- _REQUIRED ACTION_: An exact reproduction of the lines below, from the first through the one with "Стіл комплектується: 2-ма", is the whole answer; pictures have no place in it.

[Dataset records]
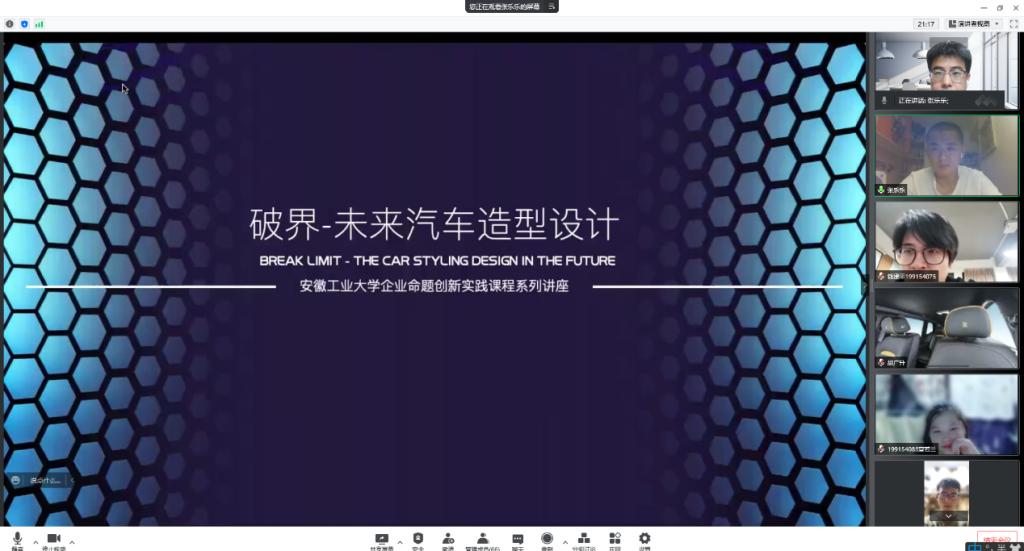张乐乐主任在《破界-未来汽车造型设计》讲座中,结合自己多年汽车设计从业经历为同学解析了汽车设计融入技术、场景与体验的未来趋势,并着重分析了个人设计的安徽省工业设计大赛汽车类金奖作品《MKV-Smart Mobility System》,详细讲解了他是如何发现需求、萌生想法、提出方案直到输出解决方案的全过程,也希望同学们能够设计中大胆创新、勇于跨界,基于未来出行方式与驾乘习惯设计出更有突破性的汽车。
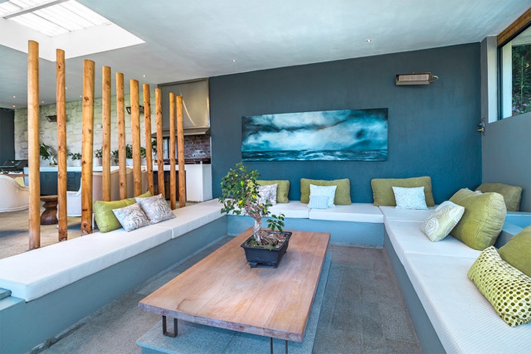The modern fully fitted kitchen has a center island with breakfast seating for 6, scullery with dishwasher, modern appliances and a Nespresso machine. The kitchen leads out through glass sliding doors onto a spacious patio area with both gas and wood burning barbecues and seating for 12. The patio boasts a sunken lounge area with built in couches to relax and enjoy the warm summer days.
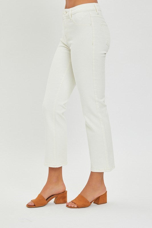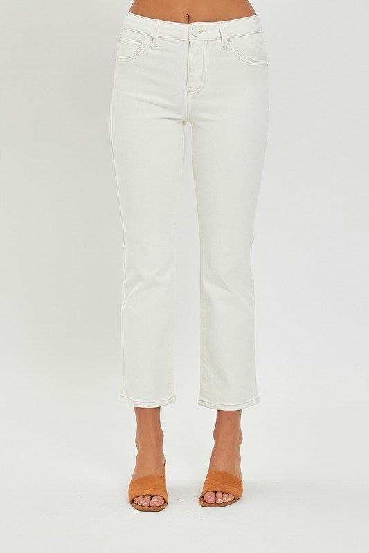Harper Cream MR Crop Straight Leg Risen Jeans
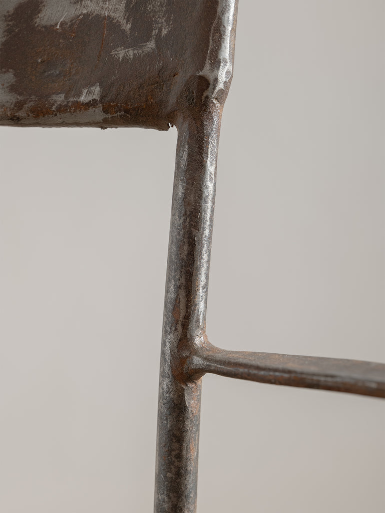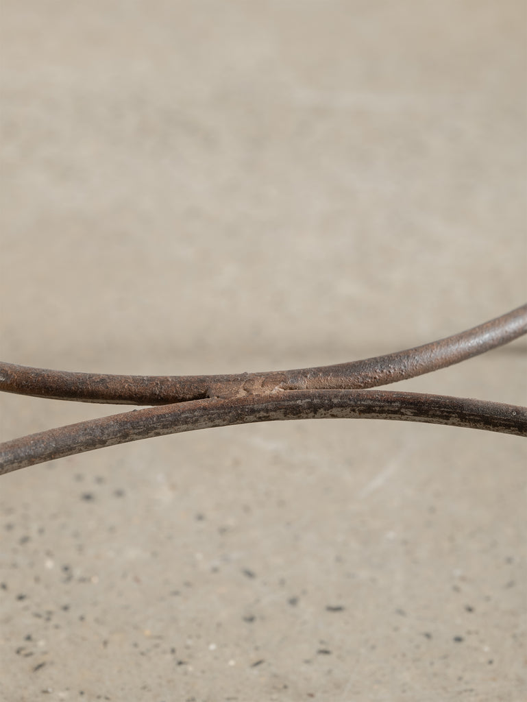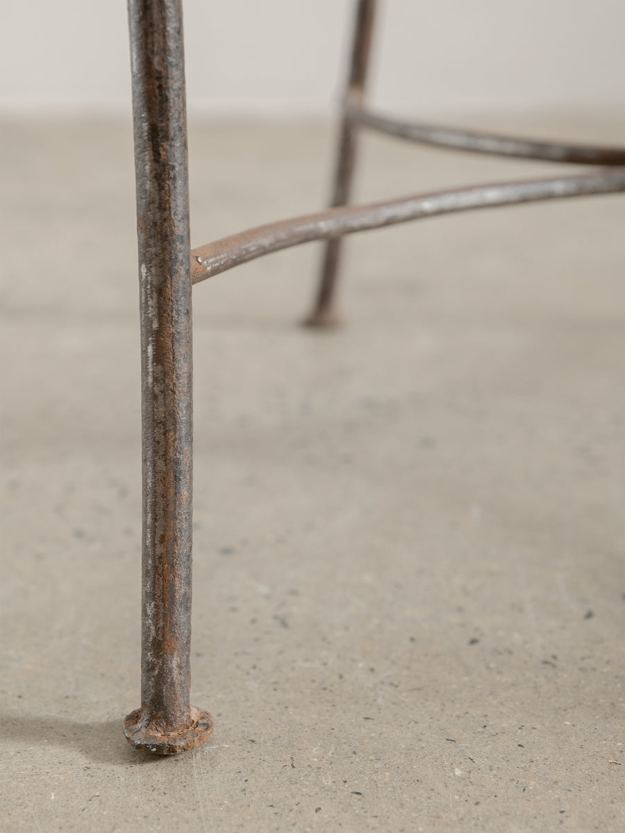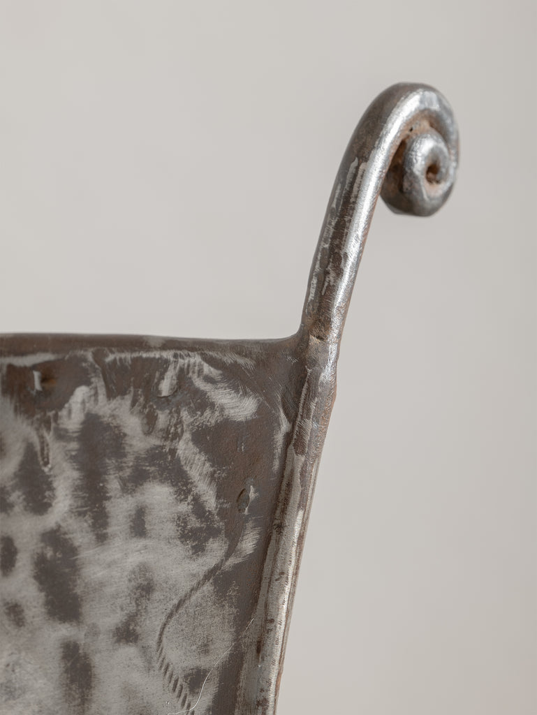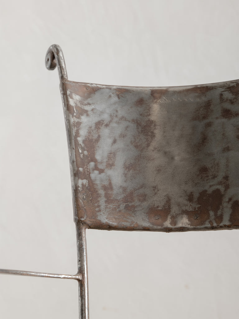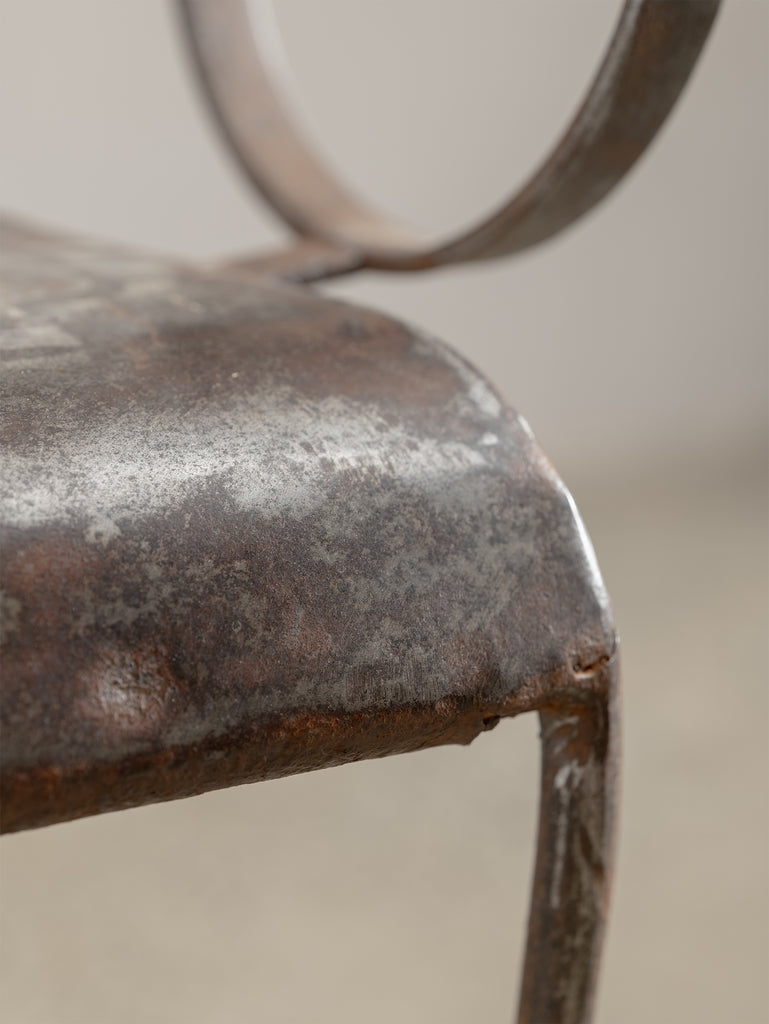 A striking example of French mid-century craftsmanship, this artisanal armchair is hand-forged from metal, dating back to the 1950s. Its sculptural form balances strength with elegance, featuring gracefully scrolled arms and a gently flared backrest. With a raw, time-worn patina that speaks to its age and history, this chair embodies both function and artistry, making it as much a statement piece as a seat. A rare find, it offers a glimpse into the refined simplicity of French design of the era.
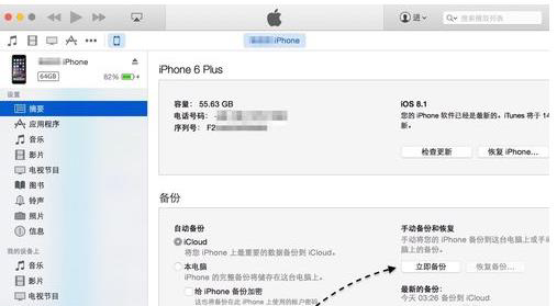 随后在 iPhone 的摘要信息界面里,请点击“立即备份”按钮,如图所示。
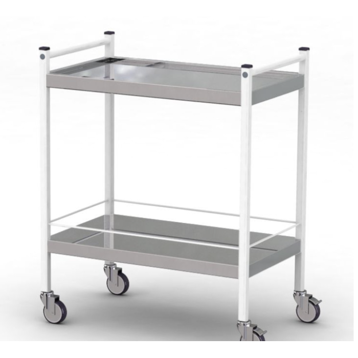 Стіл комплектується: 2-ма полицями з нержавіючої сталі і 2-ма ручками з боків для зручності переміщення. Верхня полиця має профільний край, а нижня полиця має огороджувальний бар'єр, що оберігає медикаменти та інструменти від випадкового падіння.
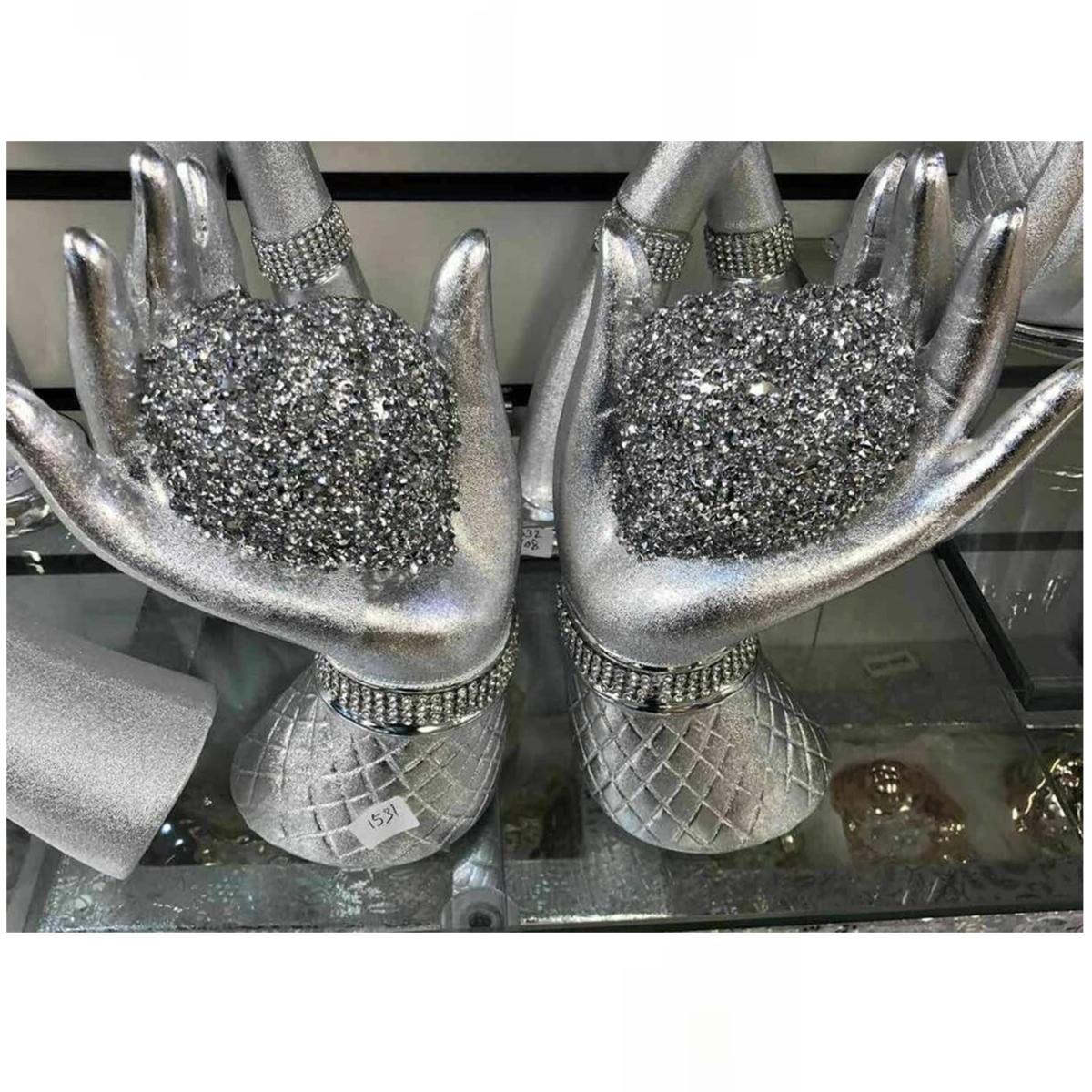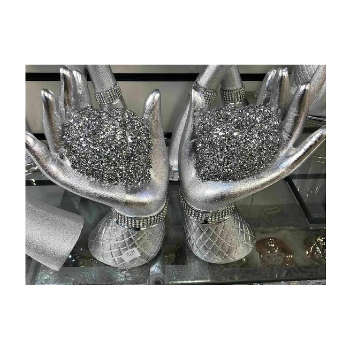 I love the silver pair of hearts in hands as a sculptural piece-its contemporary shimmer and tactile detailing make it a striking focal point. It works particularly well in modern or minimalist interiors, adding a touch of glamour without overwhelming the space. For styling, I’d place it on a mantel, side table, or open shelf with a few other metallic accents to create cohesion. Keep the surrounding decor simple to let the ornament stand out, and consider pairing it with soft textures like velvet cushions or a plush rug for a balanced look. Its versatile finish can also complement industrial or glamour-inspired schemes, making it a chic addition to various interior styles.

- _TASK RESPONSE_:
张乐乐主任在《破界-未来汽车造型设计》讲座中,结合自己多年汽车设计从业经历为同学解析了汽车设计融入技术、场景与体验的未来趋势,并着重分析了个人设计的安徽省工业设计大赛汽车类金奖作品《MKV-Smart Mobility System》,详细讲解了他是如何发现需求、萌生想法、提出方案直到输出解决方案的全过程,也希望同学们能够设计中大胆创新、勇于跨界,基于未来出行方式与驾乘习惯设计出更有突破性的汽车。
The modern fully fitted kitchen has a center island with breakfast seating for 6, scullery with dishwasher, modern appliances and a Nespresso machine. The kitchen leads out through glass sliding doors onto a spacious patio area with both gas and wood burning barbecues and seating for 12. The patio boasts a sunken lounge area with built in couches to relax and enjoy the warm summer days.
Harper Cream MR Crop Straight Leg Risen Jeans
 A striking example of French mid-century craftsmanship, this artisanal armchair is hand-forged from metal, dating back to the 1950s. Its sculptural form balances strength with elegance, featuring gracefully scrolled arms and a gently flared backrest. With a raw, time-worn patina that speaks to its age and history, this chair embodies both function and artistry, making it as much a statement piece as a seat. A rare find, it offers a glimpse into the refined simplicity of French design of the era.
 随后在 iPhone 的摘要信息界面里,请点击“立即备份”按钮,如图所示。
 Стіл комплектується: 2-ма полицями з нержавіючої сталі і 2-ма ручками з боків для зручності переміщення. Верхня полиця має профільний край, а нижня полиця має огороджувальний бар'єр, що оберігає медикаменти та інструменти від випадкового падіння.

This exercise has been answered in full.